The position holder will work closely with Pharmacovigilance Regional Managers functional areas including local/regional QPPVs, Quality Assurance, the Research and Development (R&D) organisation, and other key stakeholders to define and ensure compliance with global business and regulatory requirements.

Monitoring the Pharmacovigilance System through pre-defined PV Key Performance Indicators (KPIs) and supporting the Pharmacovigilance Leadership Team (PVLT) and local/regional QPPVs with the monitoring and oversight of the Seqirus PV System.

Overseeing and supporting the management of PV-related non-compliance by ensuring that deviations and process errors are recorded and investigated in accordance with Seqirus procedure, and that corrections and corrective/preventive actions are implemented on-time. Also responsible for supporting PVRM deviation/CAPA owners by leading effectiveness checks to ensure the adequacy of implemented CAPAs.

Supporting PVRM in maintaining a constant state of audit/inspection Readiness and partnering to support internal and external audits and regulatory inspections as they pertain to PV by reviewing audit/inspection responses, tracking audit/inspection commitments, and driving on-time CAPA closure.

Ensuring consistency and compliance of PV Business Process against Seqirus standards and regulatory requirements by supporting the preparation and maintenance of PVRM procedural documentation.

Maintaining the Seqirus PV Training System by ensuring adequate PV training is provided to all Seqirus employees and PVRM service providers, and that training compliance is adequately accounted for.

Collaborating with PVRM personnel, cross-functional colleagues, and Seqirus vendors/business partners, with regards to PV quality assurance and compliance issues, as well as recommending/ supporting solutions and compliance related initiatives as required.
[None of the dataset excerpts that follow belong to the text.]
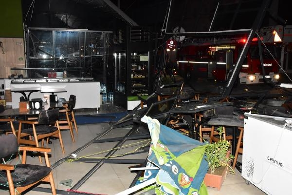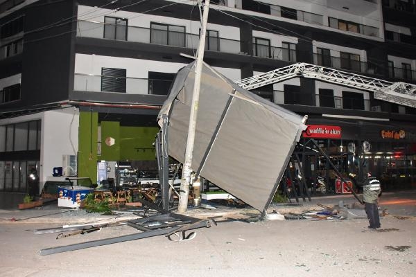 Fırtınada uçan tente elektrik direğine zarar verdi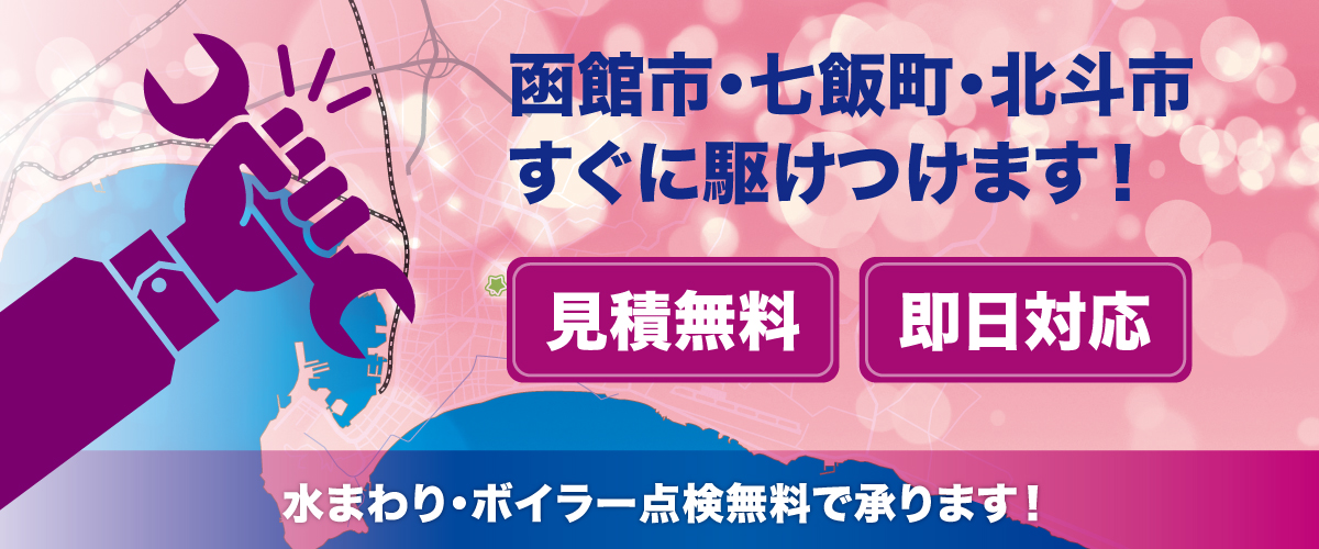 地元に貢献したいという思いから、地域住民の住まいのトラブルに対応しています。ライフラインを担う水道は、わたしたちの生活の全て、毎日の衣食住に欠かすことができません。使用頻度が多くなると、故障やトラブルも避けて通れません。また、温水機器に関わるボイラーの故障は冬場には耐えがたいものです。そんな住まいに関するトラブルが発生した時は函館を拠点とする当社へご相談ください。確かな技術とサービス・市内でのネットワークを駆使し、迅速丁寧に対応いたします。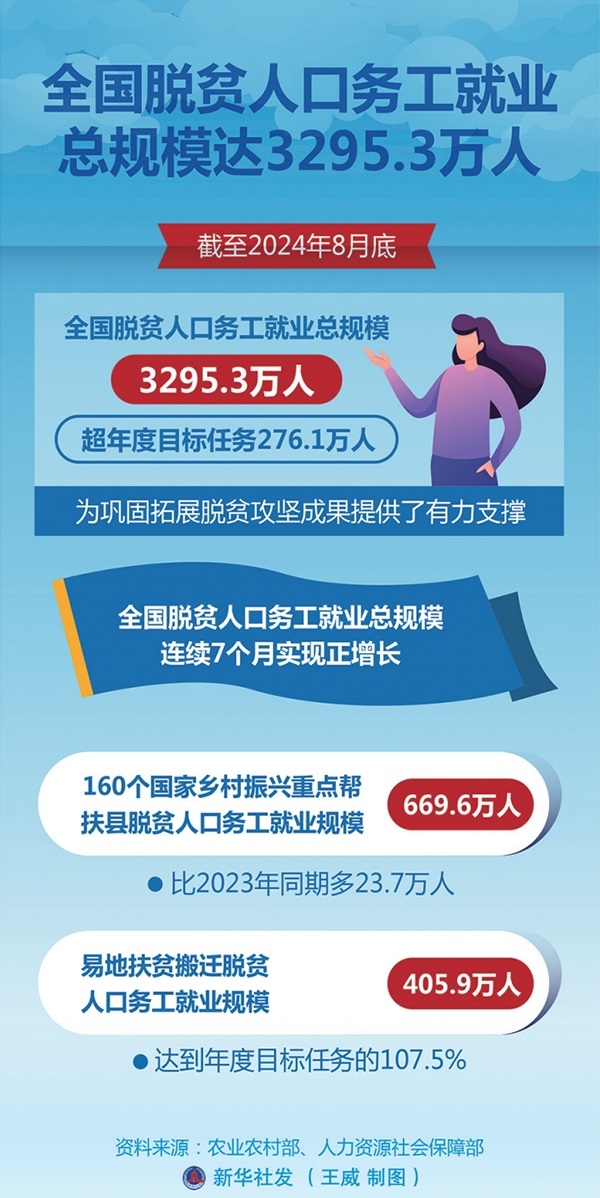 今年以來各級各相關(guān)部門深入開展防止返貧就業(yè)攻堅行動,截至8月底,全國脫貧人口務(wù)工就業(yè)總規(guī)模達到3295.3萬人,超年度目標任務(wù)276.1萬人,為鞏固拓展脫貧攻堅成果提供了有力支撐。 新華社發(fā) 王威/制圖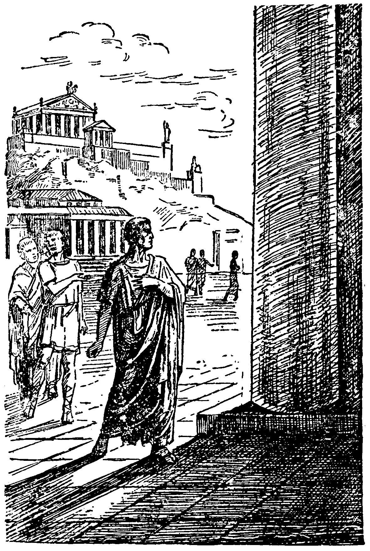 Когда они подошли к Табулярию, в котором хранился государственный архив, Тиберий остановился. Здание возвышалось на склоне Капитолия, над форумом, и белело дорическими колоннами. [115] Колонны и арки были испещрены неразборчивой скорописью. Тиберий читал, и сердце его учащённо билось: «Гракх, защити нас», «Дай нам земли», «Я голодаю», «Я нищий». А на одной из капителей [116] чётко выделялась жирная надпись углём: «Гракх, борись! Будешь народным трибуном».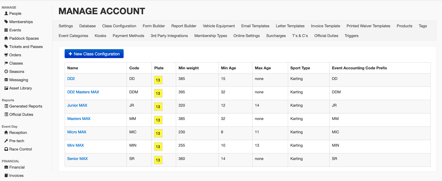 You can set the appearance of the number plate for the class, the default engine and tyres and the minimum/maximum age and weight requirements. These are purely a guide for yourself though and are not public facing.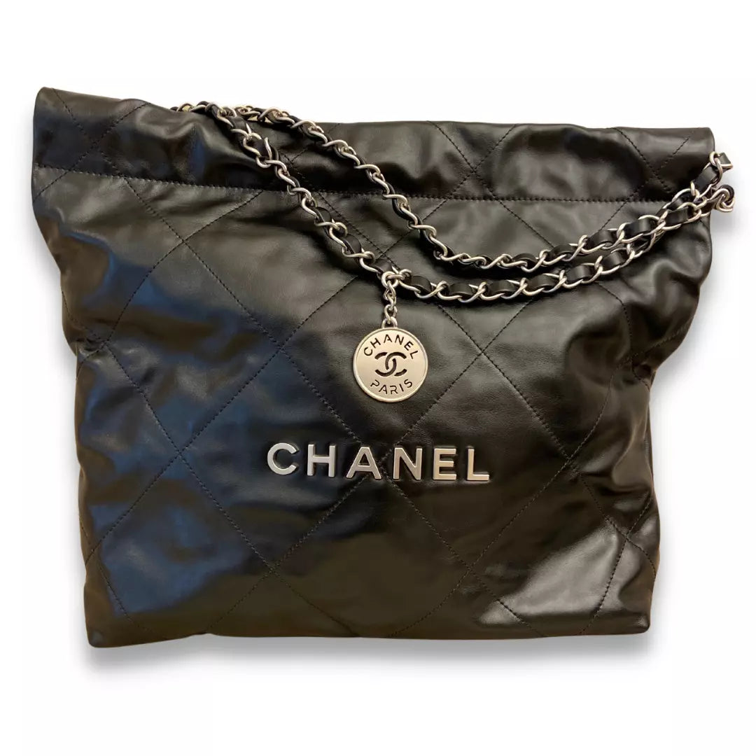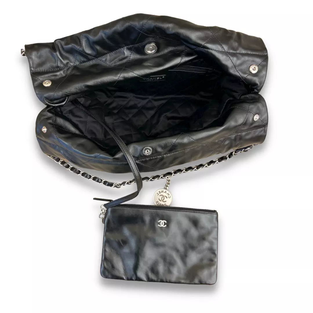 Completely new Small Chanel Black Leather 22 Bag, still with plastics. One of the must have's of 2022. It is completely sold out everywhere.
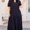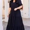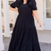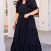 We are so in love with this gorgeous dress! It features a flowy fit, making it perfect for a walk in the park or a day at the beach! Its classic black color is sure to turn heads and add a touch of fun to your outfit!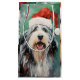Design de Noël coloré et joyeux avec un Collie barbu portant un chapeau de Père Noël.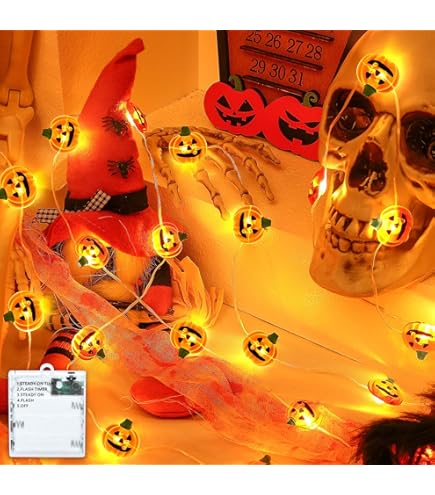 Kürbis Lichterkette 2m Mit Timer - 20 LED, Batteriebetrieben, Warmweiß

Coordinating with PV CQA and other relevant QA functions regarding Key Quality Indicators and PV-relevant Quality Systems, as well as representing PVRM at applicable Quality forums and Quality projects as required

Skills Knowledge and Qualifications:
  • Qualified to full university degree, ideally relating to life sciences, medical, nursing, pharmacy
  • Advantage: Relevant postgraduate qualifications related to PV and/or GVP
  • Significant experience of Pharmacovigilance industry experience with broad overview of all aspects of a PV system.
  • Specific expertise in Pharmacovigilance, Quality or Regulatory Affairs is of particular advantage
  • Proven expertise and understanding of Pharmacovigilance Quality Systems
  • Excellent analytical and process skills and the ability to apply these skills to Seqirus PVRM organization.
  • Global mindset, able to contextualise with a broad, overall view or perspective of an issue or problem
  • Demonstrated ability and experience with PV and/or GCP and/or GMP audits and inspections by Health Authorities (EMA, FDA, etc.)
  • In depth awareness / knowledge of industry regulations and drug safety practices, with emphasis on local and international guidelines
  • Excellent communication, consulting, customer service and problem-solving skills, including relationship with regulators.
  • Strong interpersonal skills and ability to interact with all levels of the organization.
  • Significant Experience with and demonstrated success in working on global cross-functional diverse teams / Ability to work well in a matrix, global team environment.
  • Excellent negotiation, conflict resolution, decision making, problem solving, communication (written and verbal) and presentation skills
  • Ability to successfully manage and prioritize multiple critical issues simultaneously.
  • Must be detail oriented, have the ability to meet deadlines.
  • PC skills, including solid knowledge of Pharmacovigilance or Drug Safety Databases are a plus.
  • Excellent time management skills.